When in 298 A.D. the Emperor Diocletian was building his baths on the necks of the Quirinal and Virminal hills he included within its vast circuit a temple to AEsculapius, the god of health. He ordered the five sculptors, Claudius, Nicostratus, Sinforianus, Castorinus, and Simplicius to execute the decorative work and make the statue of AEsculapius.

Being Christians they refused to fashion the statue of a pagan god, and in consequence they were put to death on the 8th November, 298. Three were beheaded and two were scourged to death.

Other artists were found who executed the work for the Emperor. On the return of Diocletian to Rome in 300, finding the works completed, he issued an order for their dedication, and commanded that all the soldiers in Rome should be present, who, as they marched past, were to throw incense over the altar of AEsculapius. As soon as this command was propagated, four brothers, who were master masons, and held the position of Corniculari, or wing-leaders of the city militia, met to decide what they should do under the circumstances. These brothers were named Severus, Severianus, Carporferus, and Victorianus, who, besides being masons, had embraced the Christian faith. They all agreed to abstain from throwing the incense over the altar, it being against their principles to assist in anyway at pagan ceremonies of a religious nature. This determination they made known to their centurion, who communicated it to the tribune Lampadius, who reported the matter to Diocletian. The emperor ordered them either to sacrifice or suffer death. They, steadfast to their faith, suffered death by being scourged with leaden thongs. Their bodies were then enclosed in leaden cases and thrown into the river Tiber. A brother, Nicodemus, recovered their bodies from the river, and they were interred by the side of the five sculptors previously martyred, and other saints, in the catacombs on the Vaa Labricana, which from the four master masons are to this day known as the Catacombs of the Quattro Coronati. The five suffered on the 8th November, 298, and the four on the same day in 300, and their memory is still honored in the church of the Quattro Incoronati, on the Coelian Hill, in Rome. Bishop Damasus, 366-84, put up many inscriptions to the memory of the martyrs reposing in the catacombs.

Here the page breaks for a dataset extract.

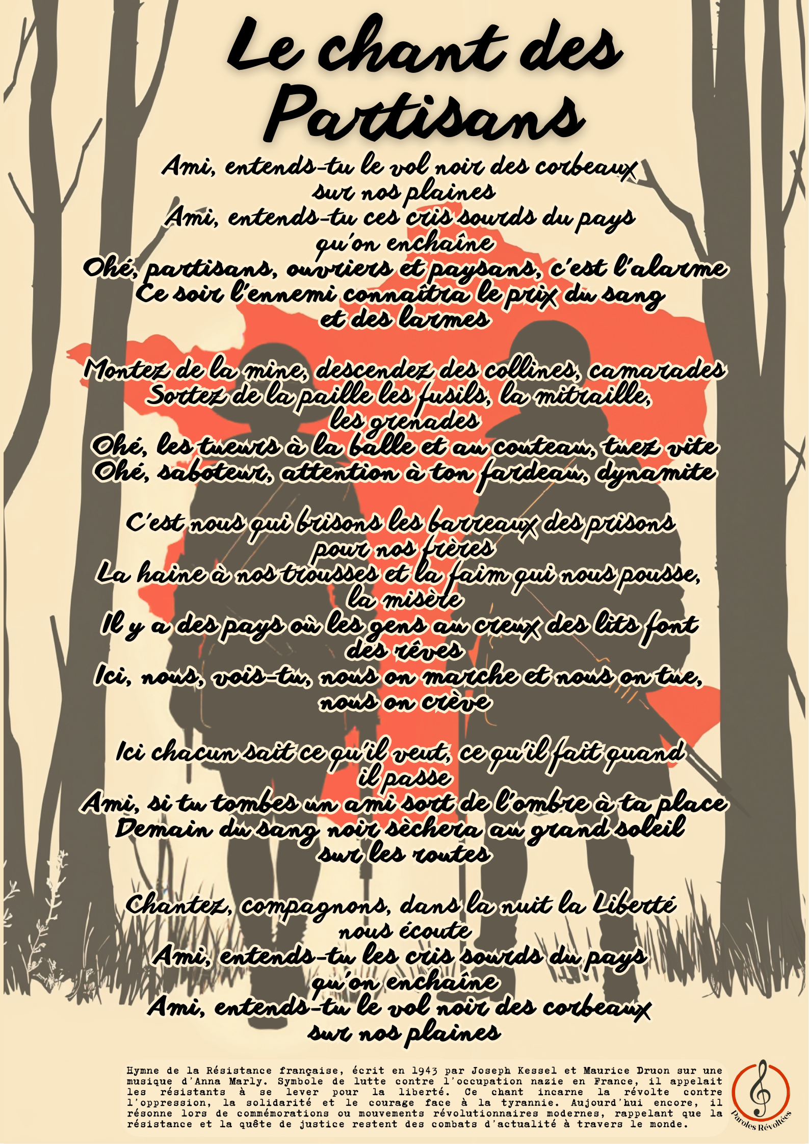 Hymne de la Résistance française, écrit en 1943 par Joseph Kessel et Maurice Druon sur une musique d’Anna Marly. Symbole de lutte contre l’occupation nazie et le régime Vichyste en France, il appelait les résistants à se lever pour la liberté. Ce chant incarne la révolte contre l’oppression, la solidarité et le courage face à la tyrannie. Aujourd’hui encore, il résonne lors de commémorations ou mouvements révolutionnaires modernes, rappelant que la résistance et la quête de justice restent des combats d’actualité à travers le monde.

In 625 Pope Honorius I. erected a handsome church, in the form of a basilica, to the memory of the four saints, out of the ruins of a temple of Diana, on the Coelian Hill. In the days of Pope Leo 1V., 848, the remains of many martyrs were translated from various catacombs to the churches in Rome. Those of the five sculptors, the four masons, and other  saints, to an oratory beneath the altar of the church erected on the Coeliau Hill. The four crowned brothers  were placed in two marble sarcophagi, and on either side, in two other sarcophagi, were deposited the remains of the five martyrs, whilst a very large sarcophagus, containing the relics of many others, was placed behind them. This is recorded in the inscription of Leo IV., in the church over the left stairs leading to the oratory.

With the remains was taken the Damasian inscription. This exists now, unfortunately, only in the introductory part, which does not refer to either the five or four. It is placed on the right hand stairs leading down to the oratory. During the dark and middle ages the Latin language underwent some curious changes in evolving the Italian, and it seems to me that the Italian title of these four mason saints, ” Incoronati,” is really a corruption of their military rank, “Corniculari”  which was brought back into the Latin from the Italian as Coronati.

Let us now turn our attention to the church itself. It stands on a lofty spur of the Coelian Hill, just within the line of the Servian wall, and like all early churches, faces to the east, the altar being at the West End. The exterior construction of the tribunal of Honorius is of good brickwork, classic remains being used for the purpose. From a quadri porticus one entered the noble church, a long nave with an elevated tribunal at the end. Fifteen columns, from Pagan temples, on either side formed the aisles, and supported the gallery above, for the nuns who were attached to the church.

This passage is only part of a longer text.